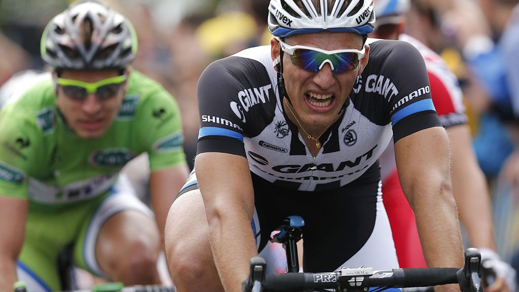 German Marcel Kittel continued his Tour de France domination in a sprint finish of the fourth stage from Le Touquet to Lille. Norwegian Alexander Kristoff and Frenchman Arnaud Demare Kittel battled hard in the final kilometre to finish second and third respectively. Defending champion Chris Froome fell early, suffering a wrist injury and had to wear a splint for the rest of the race, but recovered to finish among the peloton. This clip is from 5 live sports extra on Tuesday 8 July 2014.
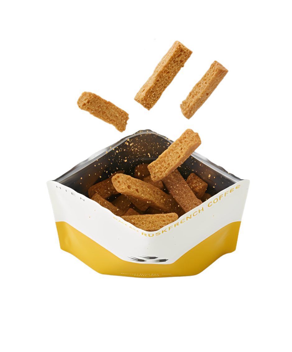 HIEN のラスクは食べやすいスティック状。 パン製造の工程をもとに、焼き上げたバケットから 作られた手切りのフランスパンラスクです。
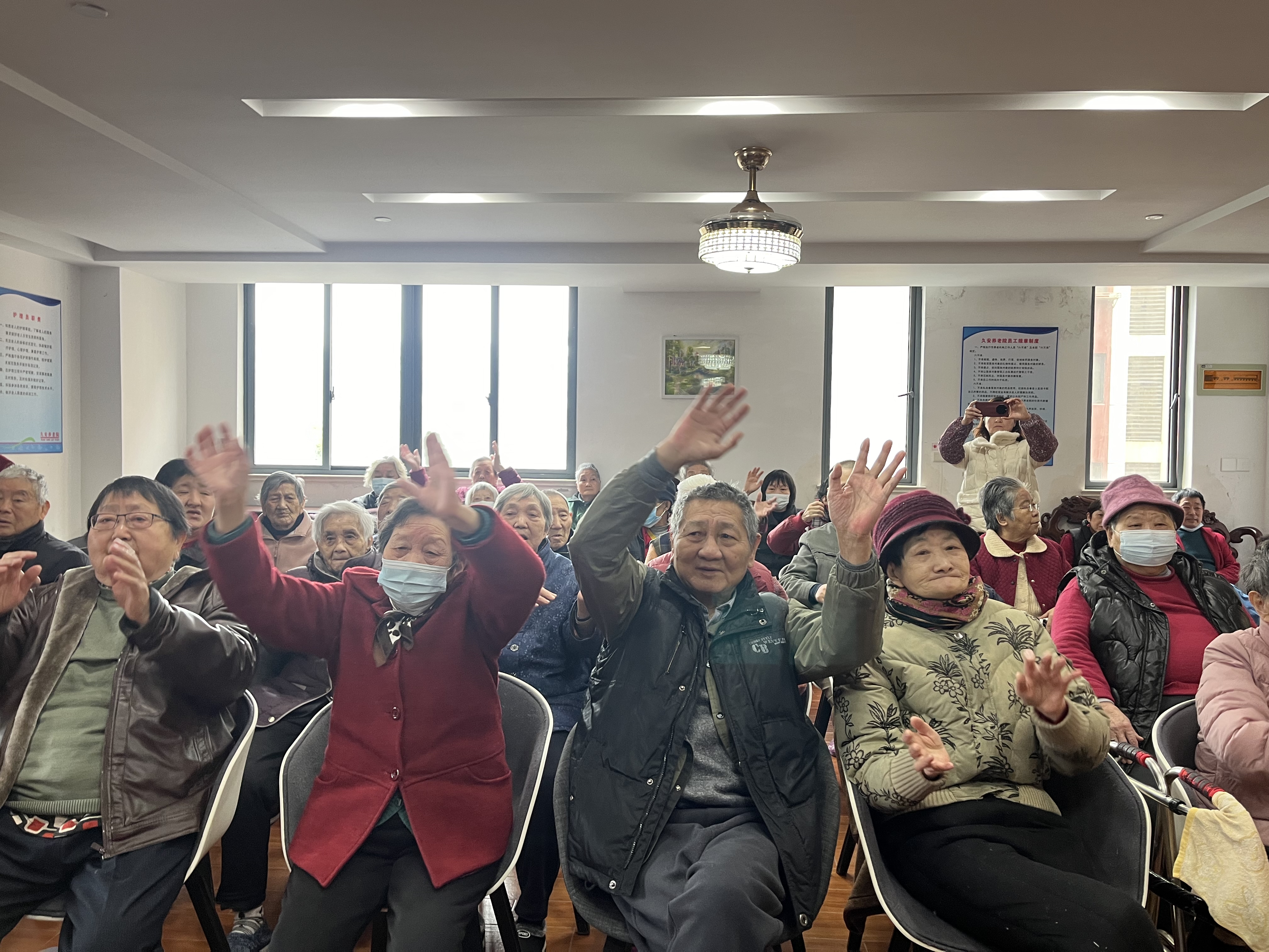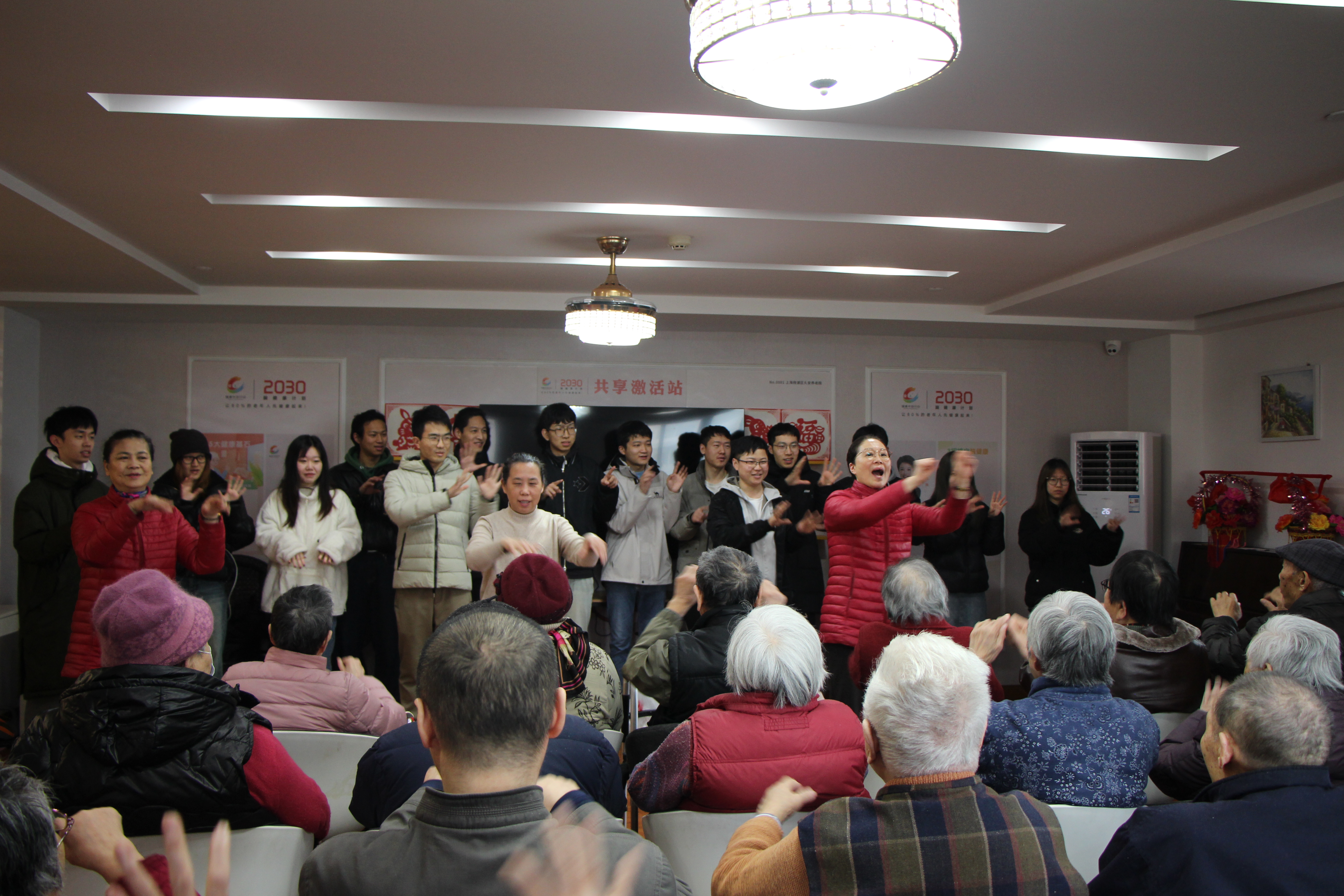 活动的第二个部分是锻炼表演。先是由志愿者们和护工阿姨耐心地为老人讲解手指操的动作要领,再带领爷爷奶奶们在参与中体会简单的手指操,既锻炼了身体,又活动了大脑。同学们与老人们的互动中,给爷爷奶奶带来了愉悦与放松。

□ □ □

#### [EXERCISE BRIEF]
Please reprint the whole listing exactly and omit its pictures.

#### [ANSWER BOX]
 German Marcel Kittel continued his Tour de France domination in a sprint finish of the fourth stage from Le Touquet to Lille. Norwegian Alexander Kristoff and Frenchman Arnaud Demare Kittel battled hard in the final kilometre to finish second and third respectively. Defending champion Chris Froome fell early, suffering a wrist injury and had to wear a splint for the rest of the race, but recovered to finish among the peloton. This clip is from 5 live sports extra on Tuesday 8 July 2014.
 HIEN のラスクは食べやすいスティック状。 パン製造の工程をもとに、焼き上げたバケットから 作られた手切りのフランスパンラスクです。
 活动的第二个部分是锻炼表演。先是由志愿者们和护工阿姨耐心地为老人讲解手指操的动作要领,再带领爷爷奶奶们在参与中体会简单的手指操,既锻炼了身体,又活动了大脑。同学们与老人们的互动中,给爷爷奶奶带来了愉悦与放松。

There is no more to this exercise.